SAINT TROPEZ : Sylvie Bourgeois Harel nous raconte la fable amérindienne « Les deux loups »

Merci à la sagesse améridienne !

Dans cette fable Les deux loups, un grand-père cherokee demande à son petit-fils lequel des deux loups qu’il a en lui, préfère-t-il nourrir : le gentil ou le méchant ?

Cette légende indienne pleine de sagesse et de philosophie explique la bataille intérieure, le combat, le conflit, la dualité, qui se livre en chacun de nous entre les forces du mal et du bien, entre la malveillance et la bienveillance, entre le côté obscur et les zones lumineuses qui définissent notre personnalité.

Pour ma part, grâce à l’éducation merveilleuse de mes parents qui m’ont appris la liberté, la tolérance, l’humour, la curiosité, l’art de ne jamais m’ennuyer, de ne jamais envier, de pas juger, mais d’être heureuse, de savoir argumenter et d’aimer réfléchir, j’ai décidé, et depuis longtemps, peut-être même depuis mon enfance, de nourrir uniquement mon loup du bien, c’est à dire la joie, la positivité, l’amour, le partage, la gaieté, la solidarité, l’humilité, la vérité, la compassion, la foi, l’espoir, la générosité, l’empathie, la gentillesse, la paix, la sérénité.
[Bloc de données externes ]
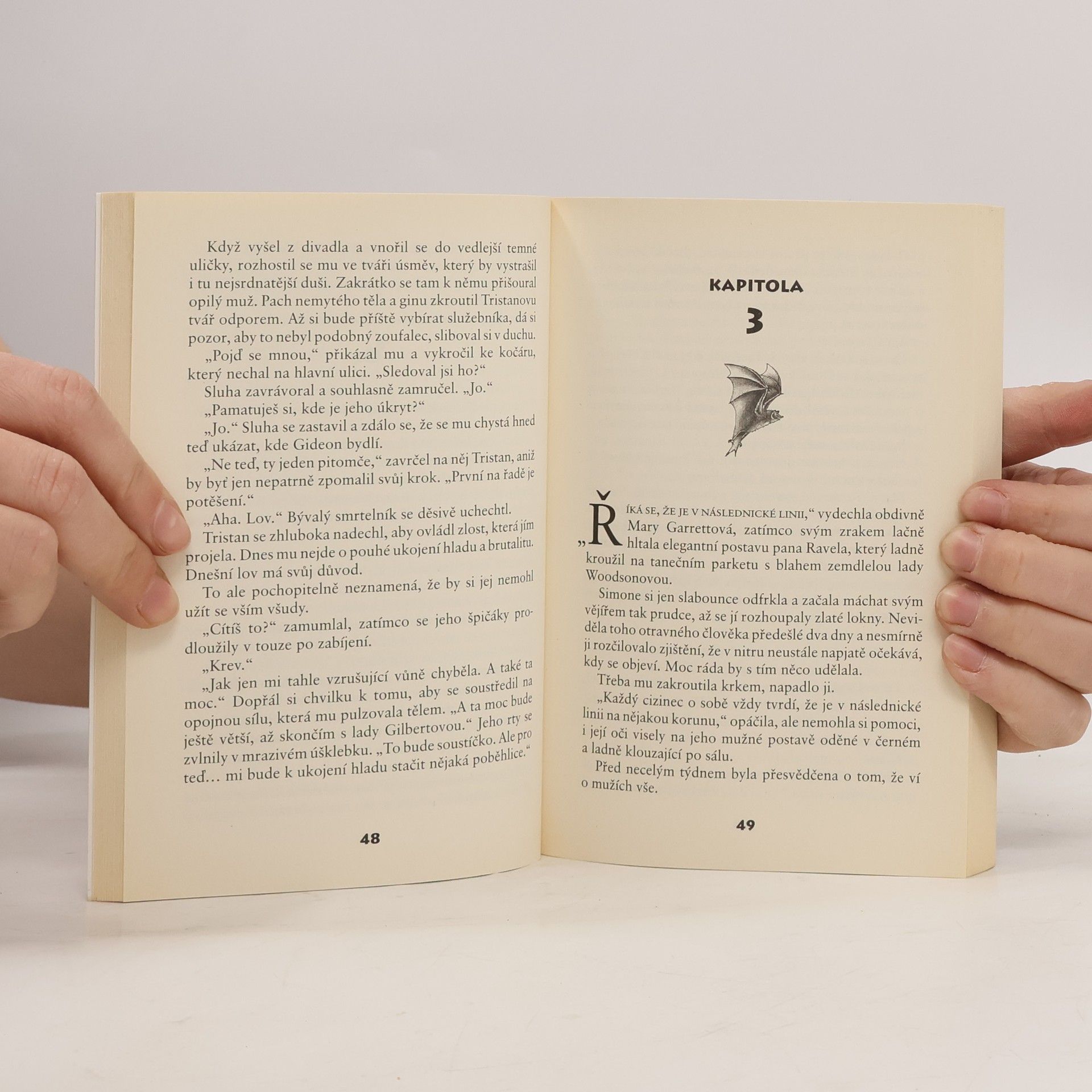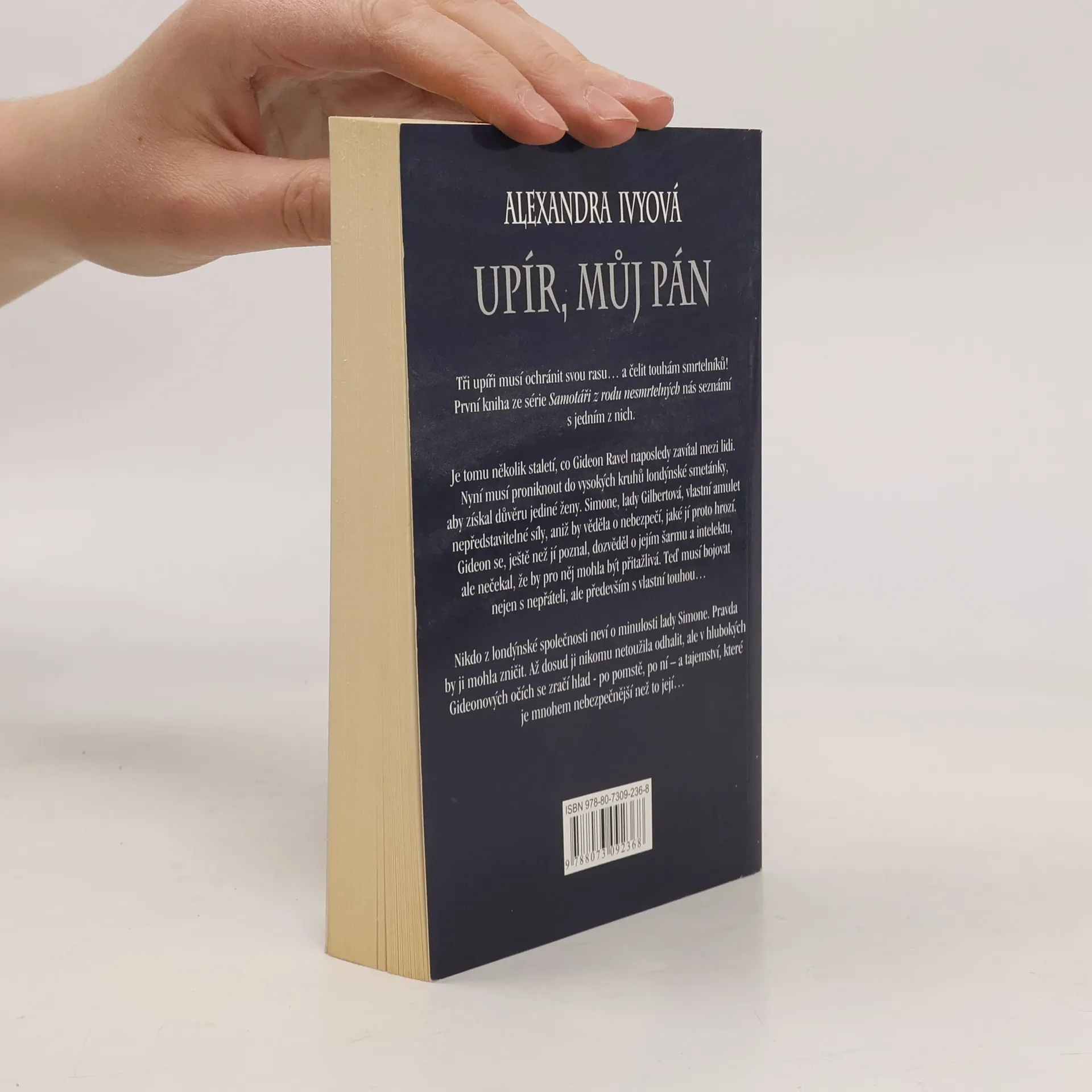 Tři upíři musí ochránit svou rasu... a čelit touhám smrtelníků! První kniha ze série Samotáři z rodu nesmrtelných nás seznámí s jedním z nich. Je tomu několik staletí, co Gideon Ravel naposledy zavítal mezi lidi. Nyní musí proniknout do vysokých kruhů londýnské smetánky, aby získal důvěru jediné ženy. Simone, lady Gilbertová, vlastní amulet nepředstavitelné síly, aniž by věděla o nebezpečí, jaké jí proto hrozí. Gideon se, ještě než jí poznal, dozvěděl o jejím šarmu a intelektu, ale nečekla, že by pro něj mohla být přitažlivá. Teď musí bohovat nejen s nepřáteli, ale především s vlastní touhou... Nikdo z londýnské společnosti neví o minulosti lady Simone. Pravda by ji mohla zničit. Až dosud ji nikomu netoužila odhalit, ale v hlubokých Gideonových očích se zračí hlad - po pomstě, po ní - a tajemství, které je mnohem nebezpečnější než to její...

Des valeurs nécessaires pour vaincre les personnes qui préfèrent nourrir leur loup du mal qui ne vit que de jalousie, de colère, d’agressivité, de cupidité, de tristesse, de regrets, de fierté, de honte, d’avidité, d’infériorité… La liste, hélas, pourrait être encore plus longue…

Je ne sais pas pourquoi, mais j’attire souvent la jalousie. La jalousie féminine, j’entends. Le vent de liberté qui souffle autour de moi doit les agacer. Elles ne savent pas comment me maîtriser. Très rapidement, elles doivent comprendre qu’elles n’existent pas pour moi car je n’aime que les femmes douces, gentilles, drôles,intelligentes et quand je dis intelligentes, je parle de l’intelligence du coeur bien sûr, l’intelligence de la vie, pas de celle des éventuels diplômes qui ne sont d’ailleurs pas le signe d’une intelligence, mais juste le signe que ces diplômés étaient parfaits pour être formatés.

À la petite école, déjà, j’avais 7 ans, deux filles de mon âge m’ont passé une corde autour du cou et l’ont serrée chacune d’un côté pour me faire mourir car j’étais meilleure qu’elle à la corde à sauter. J’ai dû mon salut grâce à la maîtresse qui m’a vue m’évanouir et m’a portée immédiatement, le cou en sang, chez mes parents qui vivaient juste en face. Plus tard, je ne compte pas le nombre de femmes, assistantes des patrons pour lesquels j’ai travaillé, directrices artistiques, éditrices, attachées de presse, qui m’ont mis des bâtons dans les roues lors de ma carrière professionnelle. Par chance, j’ai toujours été sauvée par des femmes intelligentes, c’est drôle, mais celles-là m’adorent. C’est d’ailleurs un bon texte : tu m’aimes, je sais que tu es une femme bien, équilibrée, heureuse, intéressante, tu ne m’aimes pas, je sais que ça ne va pas fort pour toi. Je suis comme un révélateur psychique !

Dans le Sud également, lorsque j’ai travaillé pour un homme qui a un peu de pouvoir financier dans la région, je me suis faite agresser par deux femmes de son entourage, aigries, méchantes, jalouses, à des dates et des lieux différents, mais toujours de la même façon : griffures, coups, tirages de cheveux (comme dans les cours des maternelles), vol de mon téléphone, de mes clefs de voiture et aussi de ma petite Marcelline qu’elles m’ont arrachée des mains pour la balancer au loin, et tout ça devant des témoins qui n’ont rien dit pour ne pas risquer d’avoir le moindre problème avec mon ancien employeur qui a trois sous.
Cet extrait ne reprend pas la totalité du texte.